# A7R3 weather sealing teardown by Uncle Rog at LR



## ahsanford (Feb 20, 2018)

Worth a look:

https://www.lensrentals.com/blog/2018/02/taking-apart-the-sony-a7riii-in-search-of-better-weather-sealing/?utm_source=facebook&utm_medium=cpm&utm_content=Taking+Apart+The+Sony+A7rIII+%E2%80%93+In+Search+of+Better+Weather+Sealing&utm_campaign=blog+posts
_
"Sony spoke truly. Except for the bottom this camera has thorough and extensive weather sealing, as good as any camera I’ve seen. (Before you Pentax guys start, I have not taken apart a Pentax so it may be completely sealed in a super glue matrix for all I know.)
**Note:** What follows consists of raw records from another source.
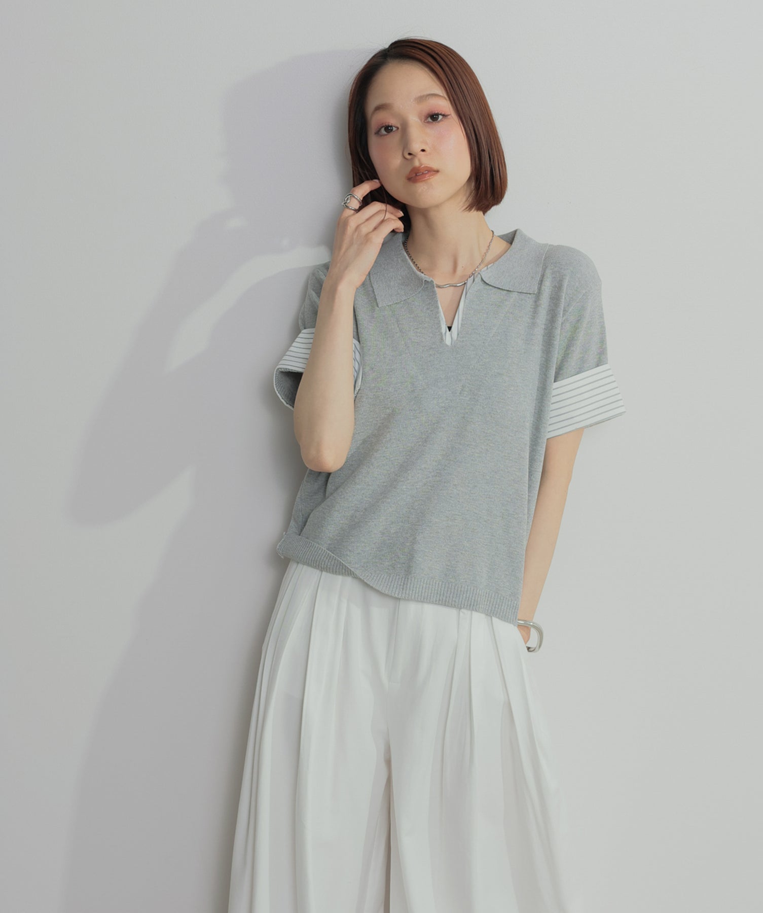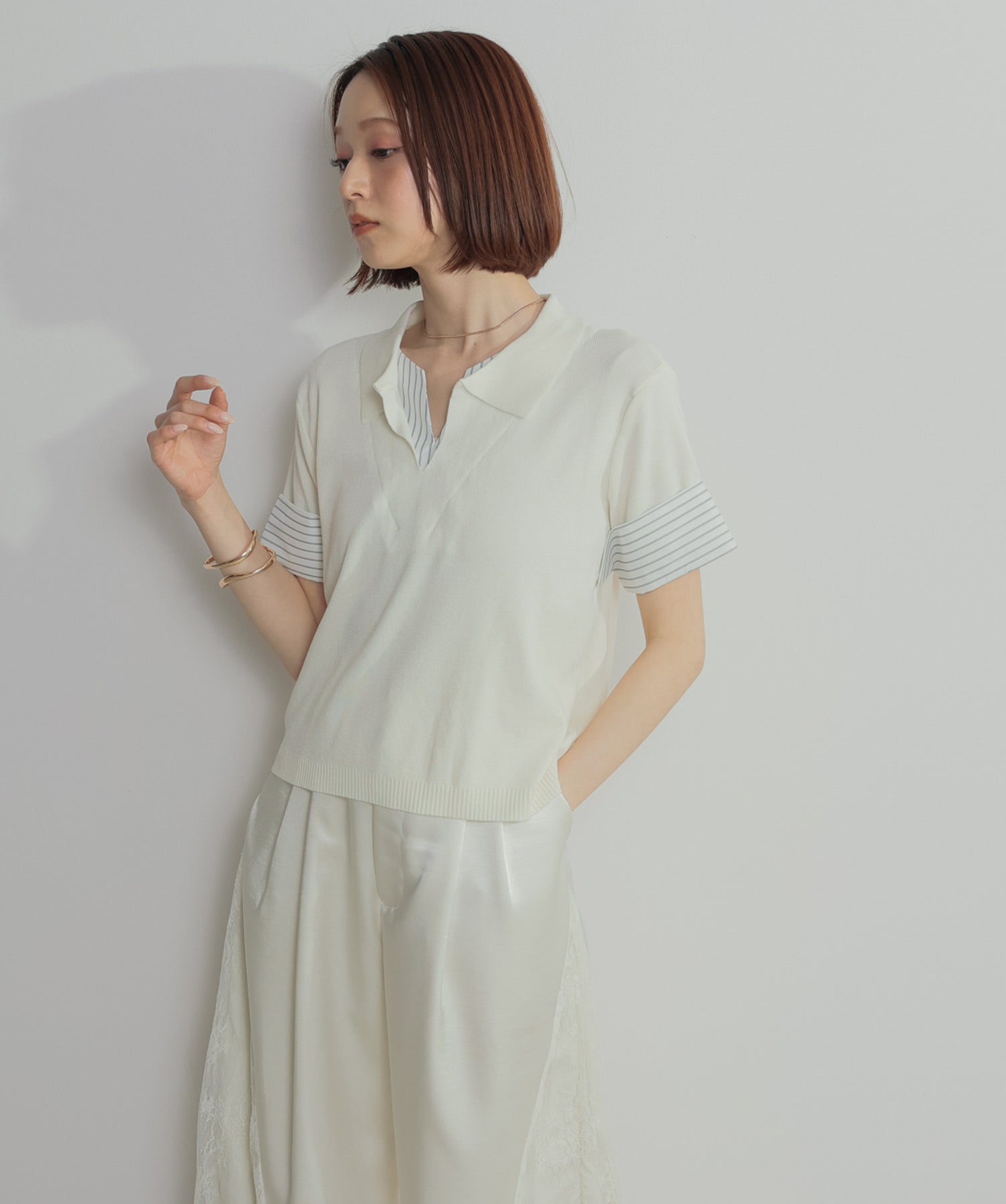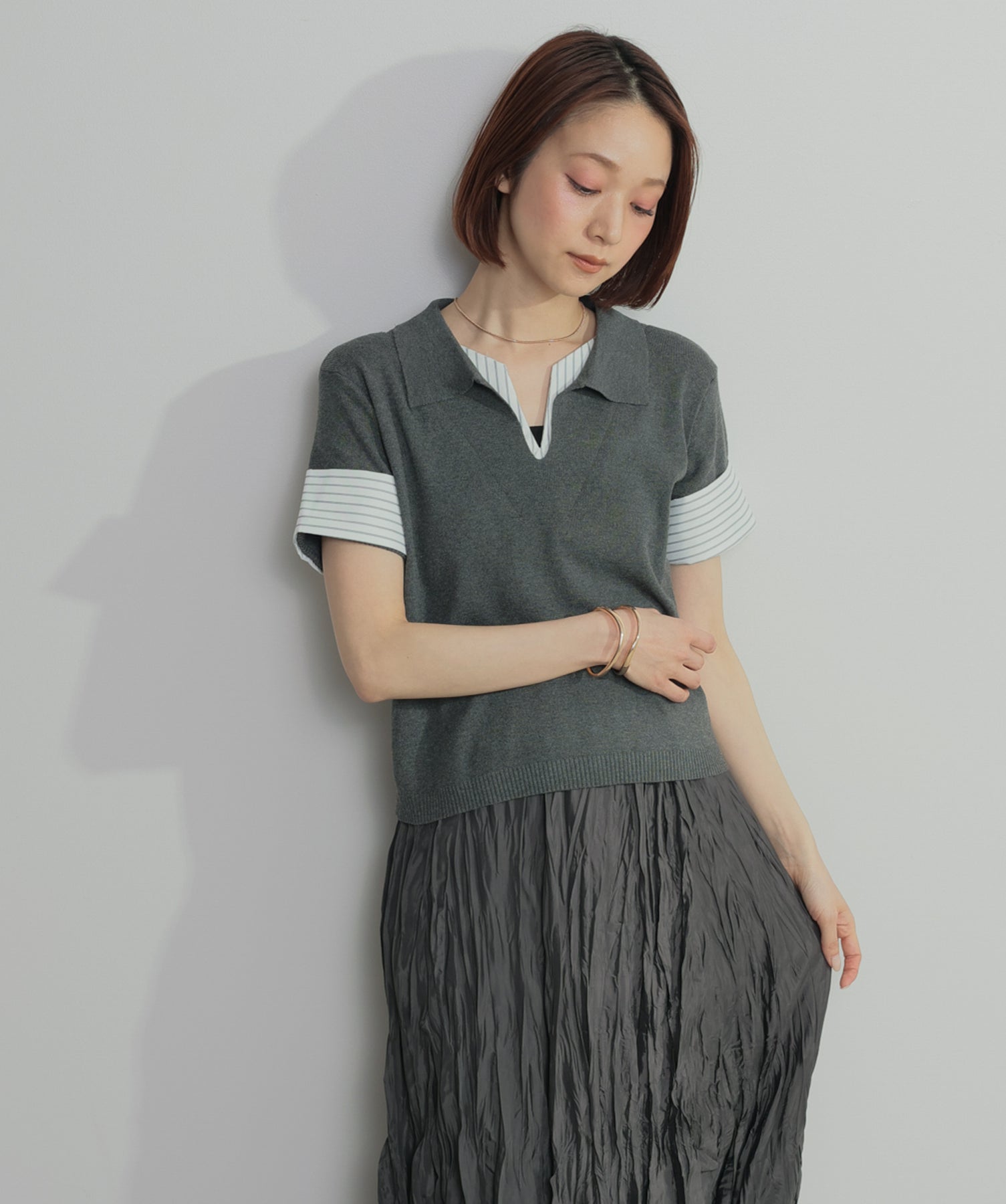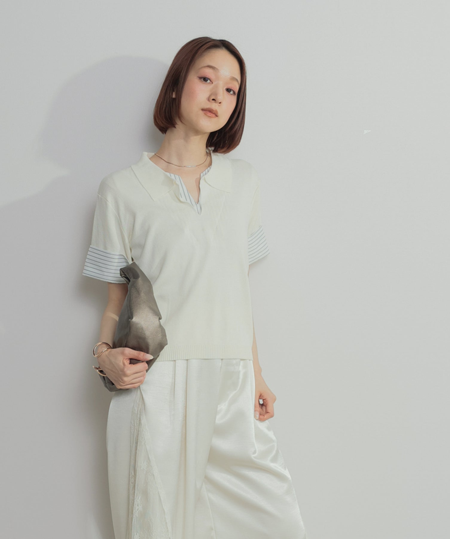 抜け感とレイヤードで魅せる、洗練ポロニットトップス。-material-柔らかく肌馴染みの良いニット素材をベースに、シャツ素材をドッキングした異素材デザイン。軽やかな着心地と程よい伸縮性で、ストレスフリーに着用可能。シンプルながらも素材のコントラストがスタイリングに奥行きをプラスします。-design-ポロニットにシャツディテールを重ねたようなレイヤード風デザインが特徴。襟元や袖口の切り替えがアクセントになり、1枚でこなれた印象に仕上がる一着。コンパクトな丈感でボトムとのバランスが取りやすく、ワイドパンツやスカートとも好相性。カジュアルさとモード感を兼ね備えた、着回し力の高いトップスです。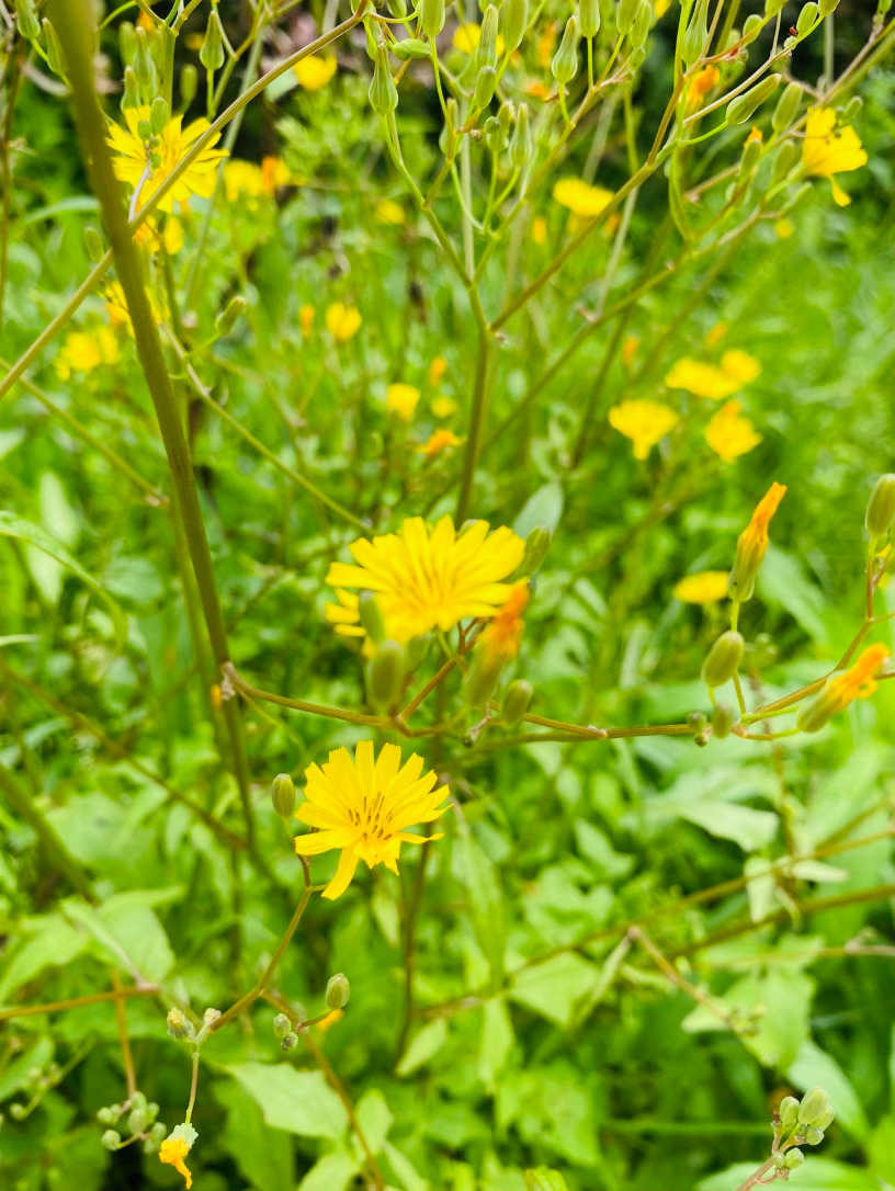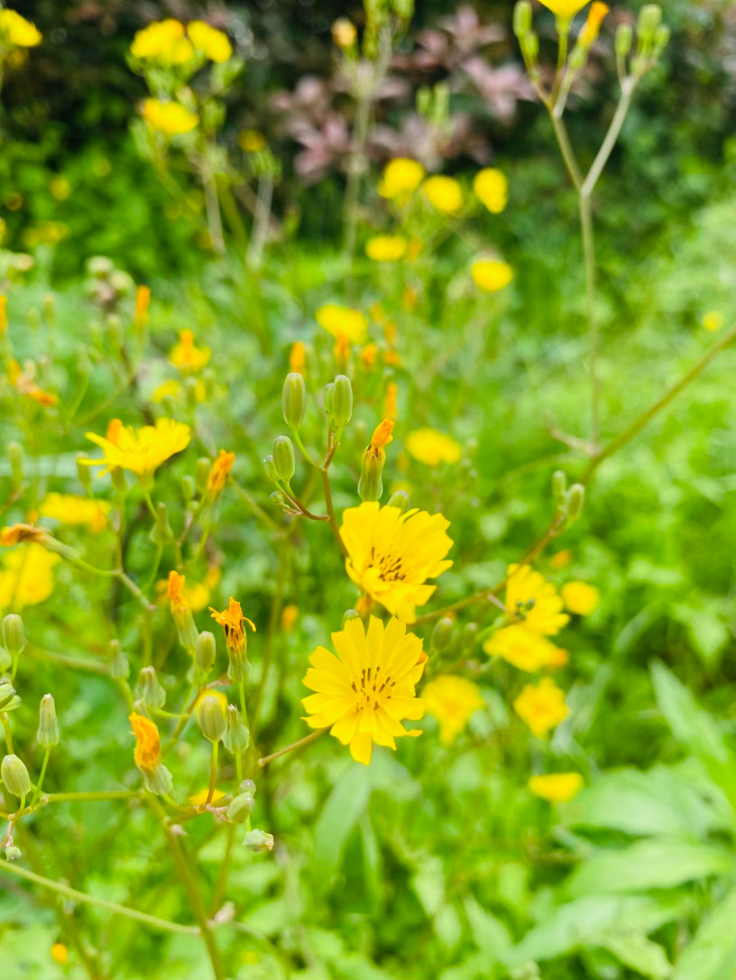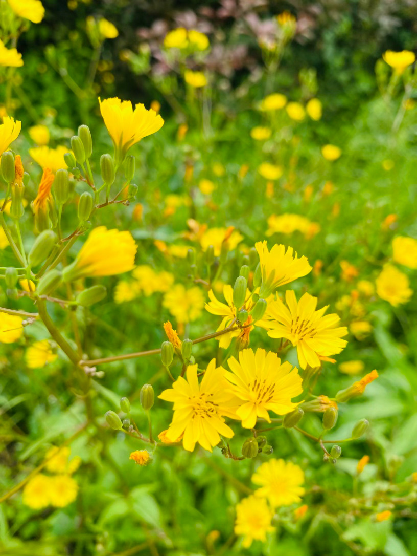 不似那孤高独绽的单花,你偏爱热闹与繁盛。纤长的花茎执着地向苍穹伸展,在顶端悠然分出枝桠,捧出一簇簇明艳的金黄。那未开的花苞似翠绿的小棒,藏着春天最细腻的心事。一阵风过,你虽没有蒲公英那般硕大如球的冠毛,却将轻盈的种子结成精致的小簇,乘风去赴另一场生命的邀约。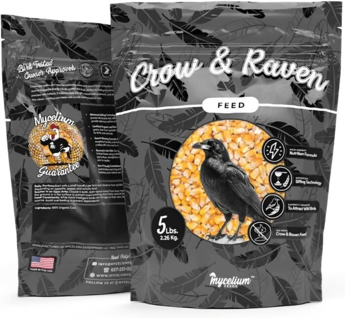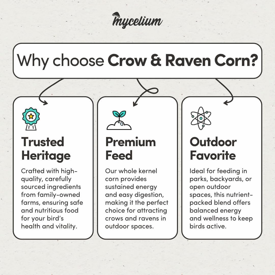 Mycelium Bird Food is a high-quality, organic whole corn feed designed for wild bird feeding. Grown in the USA using organic, non-GMO practices, this product is perfect for feeding crows, ravens, ducks, geese, and a variety of backyard and wild birds.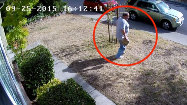 The man is shown carrying the girl’s backpack and it appears that they were walking home from a nearby elementary school. Then the man could be heard instructing the little girl to “grab everything” from the porch- about five packages in all, including a large box.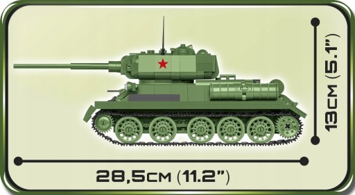 Zastosowanie aż 668 klocków umożliwiło wyjątkowo wierne odwzorowanie bryły pojazdu. Zastosowano mniejsze gąsienice, zwężono kadłub, ściana przednia pancerza została wygładzona. Wieża, konstrukcja armaty i błotniki zostały zmodyfikowane. Pod klapą serwisową znajduje się atrakcyjnie wyglądająca atrapa silnika. Model posiada sprawną trakcję gąsienicową, obrotową wieżę, ruchome działo i otwierany właz. Do zestawu dołączone są klocki z oznaczeniami radzieckimi i polskimi do wyboru. Całość uzupełnia figurka czołgisty wyposażona w pistolet osobisty i nowy rodzaj hełmofonu. W czytelnej instrukcji zamieszczony jest spis klocków oraz statystyki, które możesz wykorzystać w darmowej Historycznej Grze Bitewnej COBI.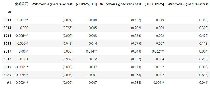 p-values of the Wilcoxon signed rank test <= 0.01,則係數新增***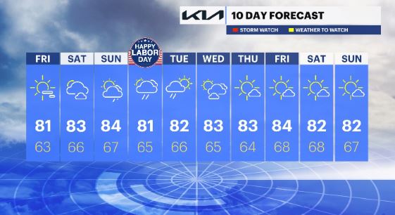 WHAT'S NEXT: Amazing weather continues tomorrow and into Saturday with humidity and cloud cover slowly creeping in through the Labor Day Weekend with Labor Day not looking the greatest.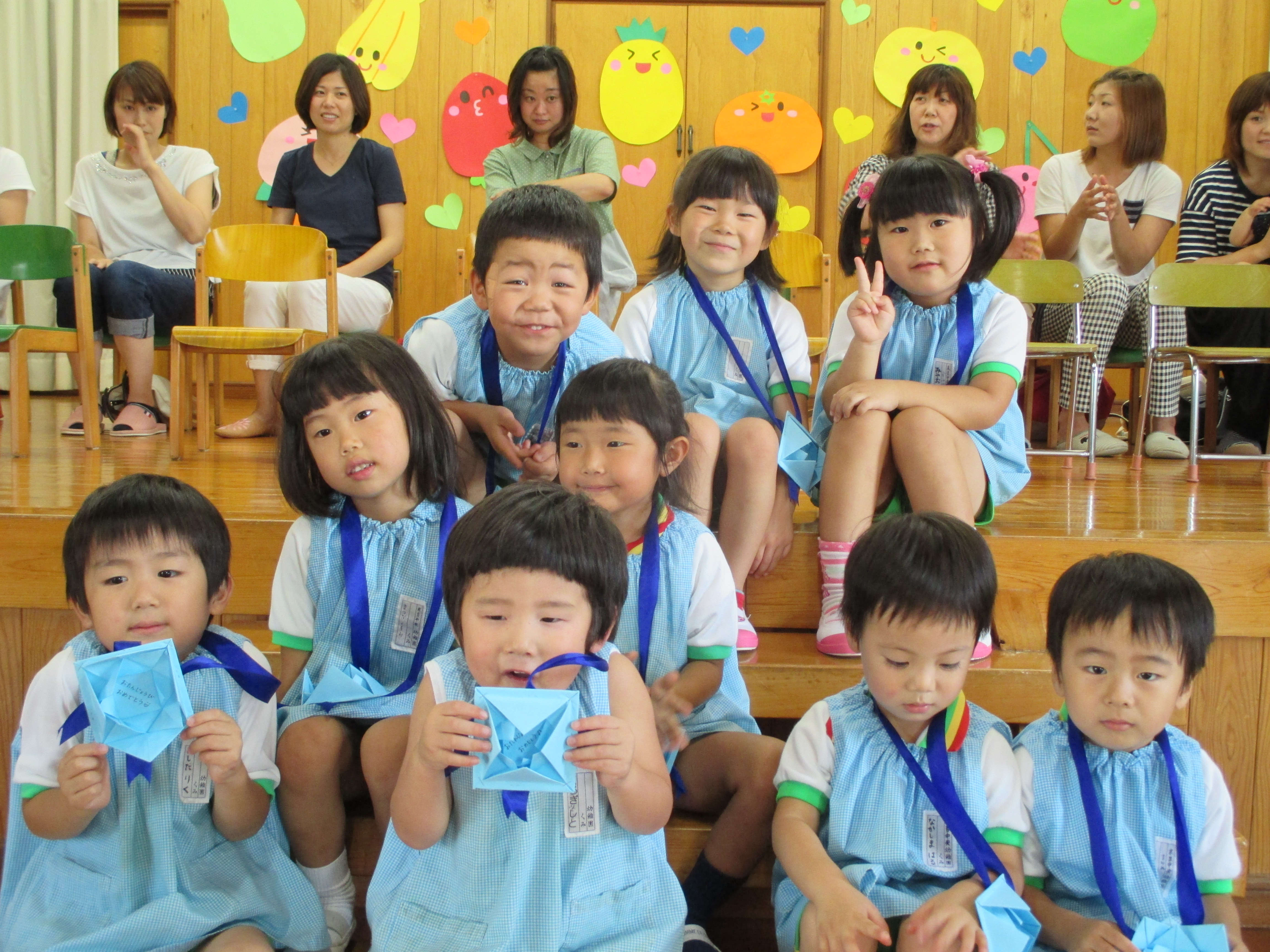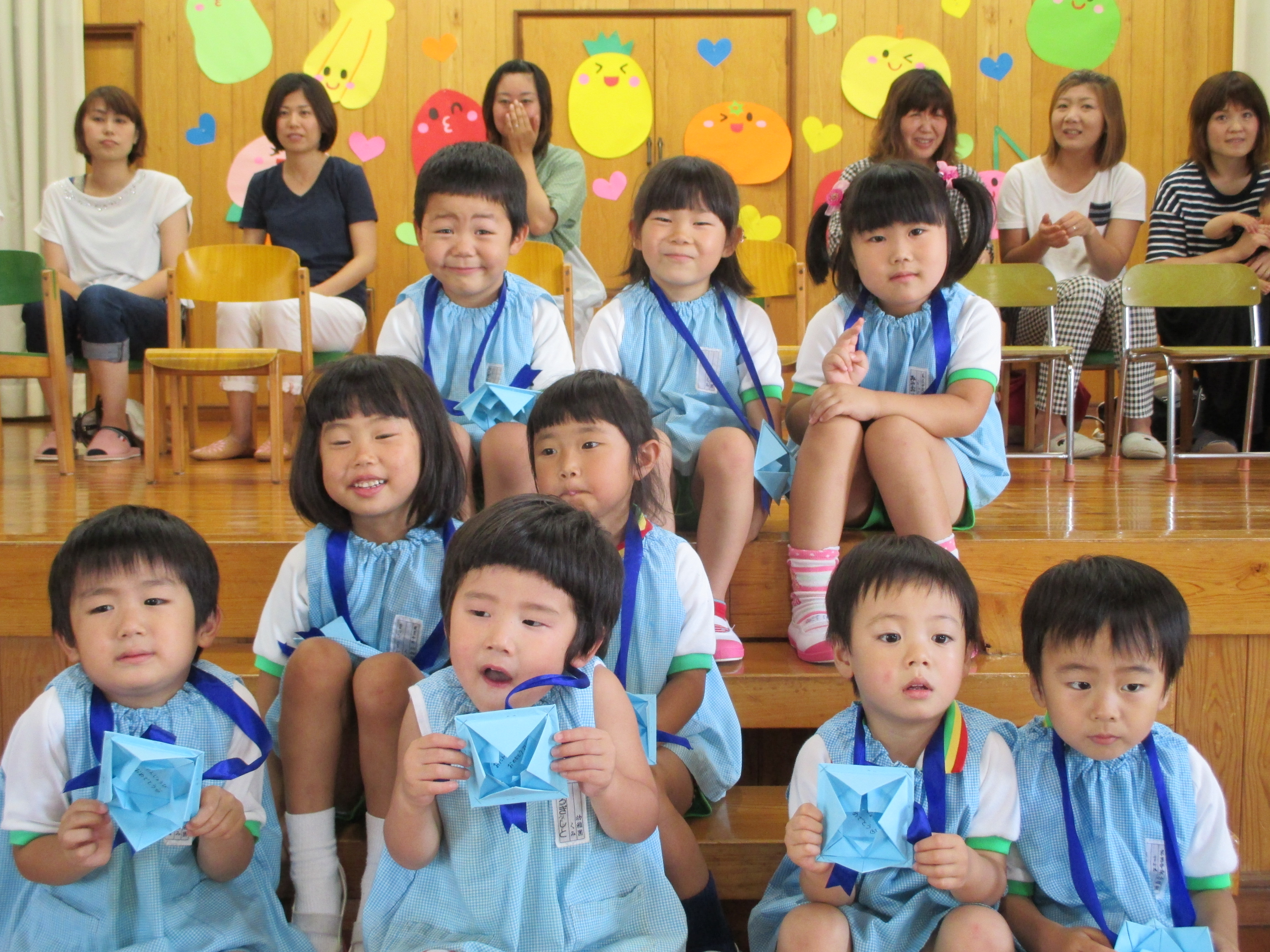 舞台に上がった6月7月生まれの誕生児のお友だち9名を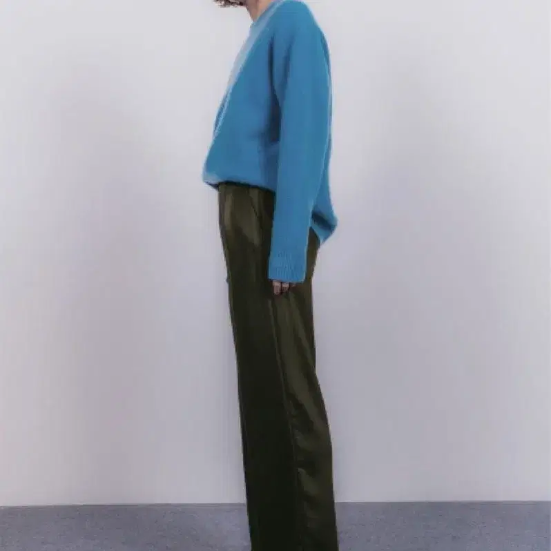Human woman 센터 프레스 와이드 팬츠(블루)
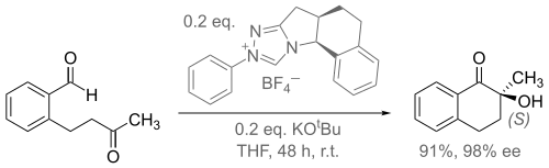 The asymmetric version of this reaction has been performed by utilizing chiral thiazolium and triazolium salts. Triazolium salts were found to give greater enantiomeric excess than thiazolium salts.[8] An example is shown below.[9]
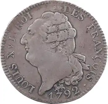 Constitution, écu de 6 livres FRANÇOIS, An 4, 2d semestre, 1792 Paris Dernier Modèle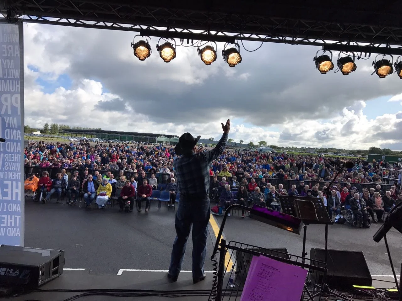 They ushered me into a tent where I sat with the rain pouring down and running all over the tarmac surface. Five minutes before 1pm it was still pouring with rain. But at 1 o’clock on the dot, the rain stopped, the clouds parted and the sun came shining through. We walked out of the tent onto a dry assembly point, with cars flooding in and the Irish people coming out to pray to The Living God (The Weatherman indeed) and to ask Him to undertake for their Nation.

That being said, the bottom of the camera is not protected worth a damn."_

He later went on to reference the Imaging Resource video I think a number of us have seen:
https://www.youtube.com/watch?v=c7BG74w0gAw

- A


----------



## BeenThere (Feb 20, 2018)

Bottom line is don't set the camera in a puddle of water.


----------



## Larsskv (Feb 20, 2018)

This reminds me of the teardown of the Sony FE 35 mm f1.4. It was heavily weather sealed, but Sony somehow forgot the seal around the lens mount!! I can’t imagine what they are thinking. Why do an effort and take the expense of carefully sealing every button and dial, the top part, and then just neglect the bottom part of the camera?

This is Sony logic, and I don’t get it. It makes me highly skeptical in buying any Sony product, and especially skeptical in investing in their cameras and lenses. On the good side, it makes me appreciate my Canon gear more.


----------



## Don Haines (Feb 20, 2018)

BeenThere said:


> Bottom line is don't set the camera in a puddle of water.



Or shoot portrait mode......


----------